Data extract:
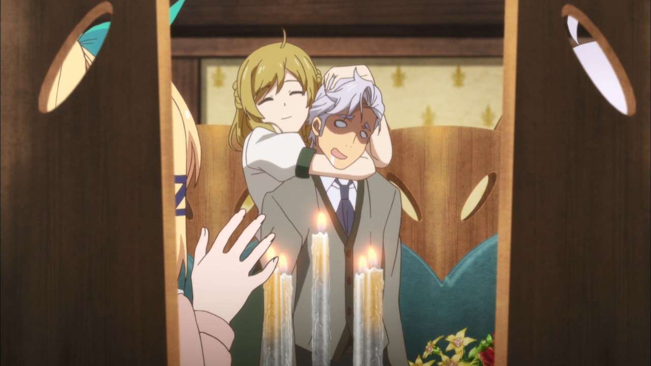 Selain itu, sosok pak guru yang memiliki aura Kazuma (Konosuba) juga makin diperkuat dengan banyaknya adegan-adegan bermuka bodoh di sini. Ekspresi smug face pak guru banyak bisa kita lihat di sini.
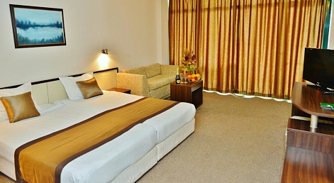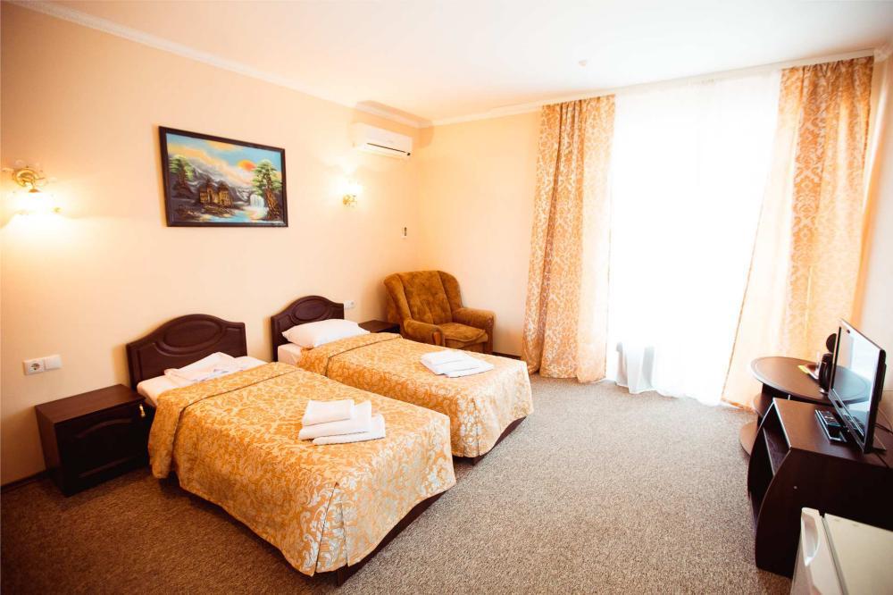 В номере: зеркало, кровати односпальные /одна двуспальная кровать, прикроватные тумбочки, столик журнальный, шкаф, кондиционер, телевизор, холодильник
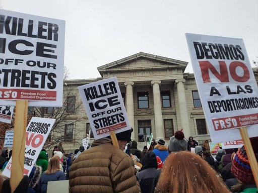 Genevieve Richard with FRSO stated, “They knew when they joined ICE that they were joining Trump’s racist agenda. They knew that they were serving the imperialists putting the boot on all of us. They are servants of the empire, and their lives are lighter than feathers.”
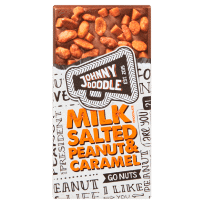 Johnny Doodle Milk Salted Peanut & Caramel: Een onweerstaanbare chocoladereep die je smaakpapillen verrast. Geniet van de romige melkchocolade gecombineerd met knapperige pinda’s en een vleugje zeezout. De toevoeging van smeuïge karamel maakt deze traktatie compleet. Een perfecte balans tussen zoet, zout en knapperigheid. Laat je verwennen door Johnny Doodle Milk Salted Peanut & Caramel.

Work to complete: The whole listing above is to be repeated exactly, apart from its pictures.

Answer box:
 Selain itu, sosok pak guru yang memiliki aura Kazuma (Konosuba) juga makin diperkuat dengan banyaknya adegan-adegan bermuka bodoh di sini. Ekspresi smug face pak guru banyak bisa kita lihat di sini.
 В номере: зеркало, кровати односпальные /одна двуспальная кровать, прикроватные тумбочки, столик журнальный, шкаф, кондиционер, телевизор, холодильник
 Genevieve Richard with FRSO stated, “They knew when they joined ICE that they were joining Trump’s racist agenda. They knew that they were serving the imperialists putting the boot on all of us. They are servants of the empire, and their lives are lighter than feathers.”
 Johnny Doodle Milk Salted Peanut & Caramel: Een onweerstaanbare chocoladereep die je smaakpapillen verrast. Geniet van de romige melkchocolade gecombineerd met knapperige pinda’s en een vleugje zeezout. De toevoeging van smeuïge karamel maakt deze traktatie compleet. Een perfecte balans tussen zoet, zout en knapperigheid. Laat je verwennen door Johnny Doodle Milk Salted Peanut & Caramel.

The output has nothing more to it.